There are a few principles and architectures that are commonly practiced when designing enterprise applications. First and foremost, the goal of any architecture is to support business needs at the lowest cost possible (costs being time and resources). A business wants software to enable it rather than act as a bottleneck. In today's world, availability, reliability, and performance are the three KPIs of any system.
In this section, first, we will look at the issues with monolithic architectures, and then we will see how to avoid them by using widely adopted and proven architectures for developing enterprise applications.
Consider a classical monolithic e-commerce website application, such as the one shown in the following diagram, with all the business providers and functionality in a single app and data being stored in a classical SQL database:
Figure 1.8 – A monolithic app
The monolithic architecture was widely adopted 15–20 years ago, but plenty of problems arose for software engineering teams when systems grew and business needs expanded over time. Let's look at some of the common issues with this approach.
Common issues with monolithic apps
Let's take a look at the scaling issues:
- In a monolithic app, the only way to horizontally scale is by adding more compute to the system. This leads to higher operational costs and unoptimized resource utilization. Sometimes, scaling becomes impossible due to conflicting needs in terms of resources.
- As all the features mostly use single storage, there is the possibility of locks leading to high latency, and there will also be physical limits as to how far a single storage instance can scale.
Here is a list of issues associated with availability, reliability, and performance:
- Any changes in the system will require the redeployment of all components, leading to downtime and low availability.
- Any non-persistent state, such as sessions stored in a web app, will be lost after every deployment. This will lead to the abandonment of all workflows that were triggered by users.

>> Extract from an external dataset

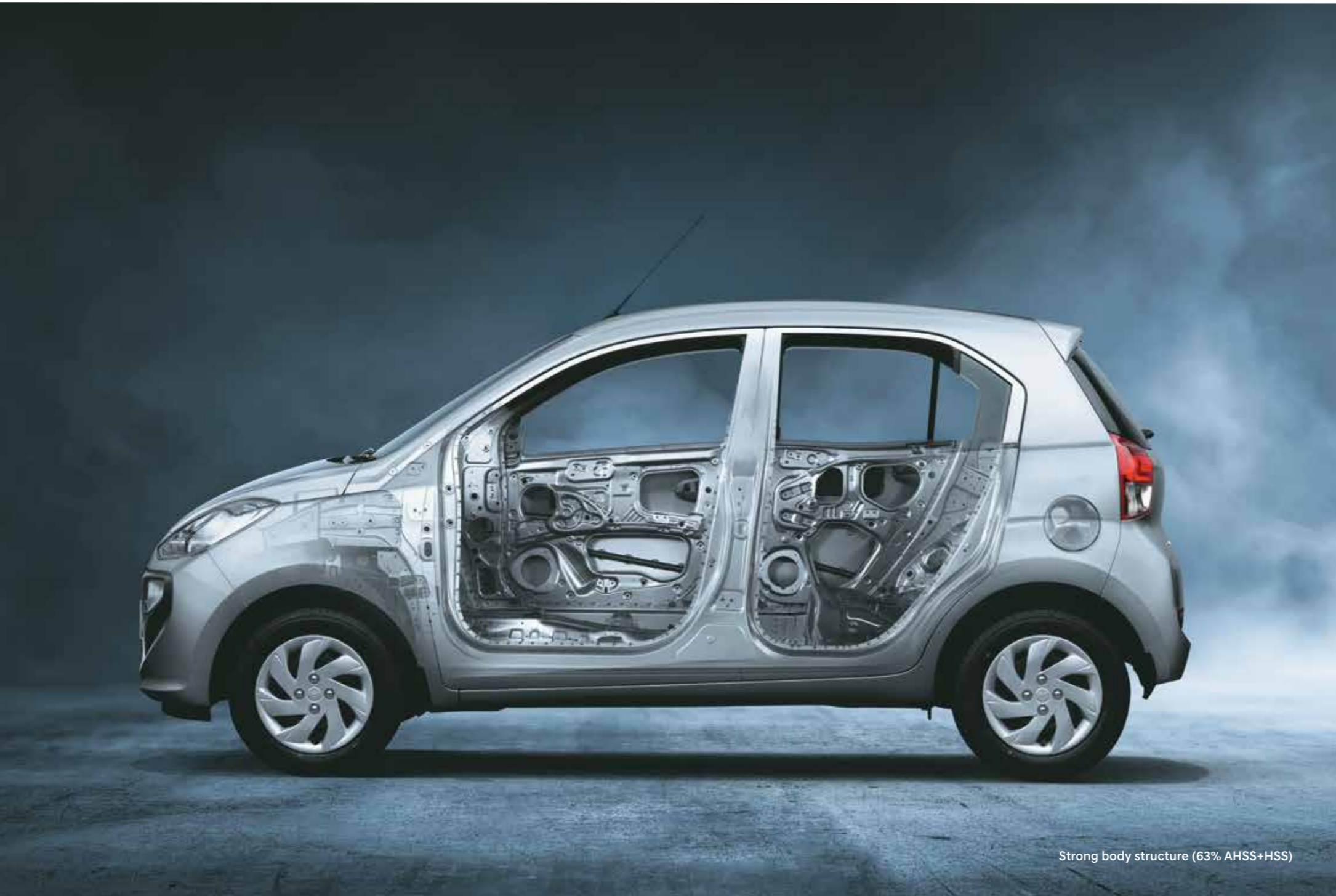
Strong body structure (63% AHSS+HSS)
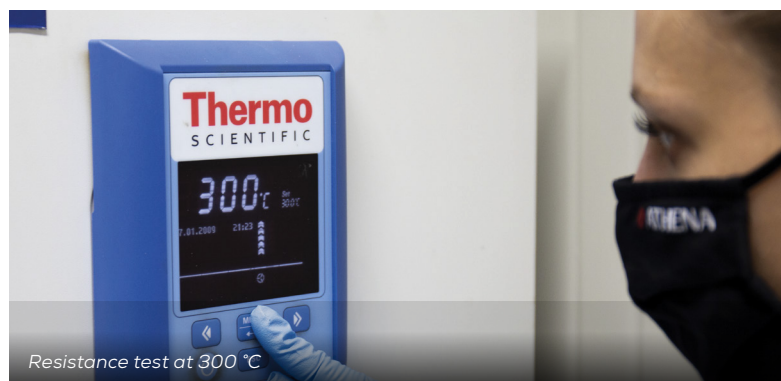
Resistance test at 300 °C

Athesil is thermally stable from -40 °C to 220 °C (-40°F to 430° F) performing even at 300 °C (572° F) peaks. It resists aging, weathering, and thermal cycling without hardening, shrinking, or cracking . Athesil can also be applied to the exhaust system and will not damage lambda sensors.

- Any bugs in a module, such as memory leaks or security bugs, make all the modules vulnerable and have the potential to impact the whole system.
- Due to the highly coupled nature and sharing of resources within modules, there will always be unoptimized use of resources, leading to high latency in the system.
Lastly, let's see what the impact on the business and engineering teams is:
- The impact of a change is difficult to quantify and requires extensive testing. Hence, it slows down the rate of delivery to production. Even a small change will require the entire system to be deployed again.
- In a single highly coupled system, there will always be physical limits on collaborations across teams to deliver any features.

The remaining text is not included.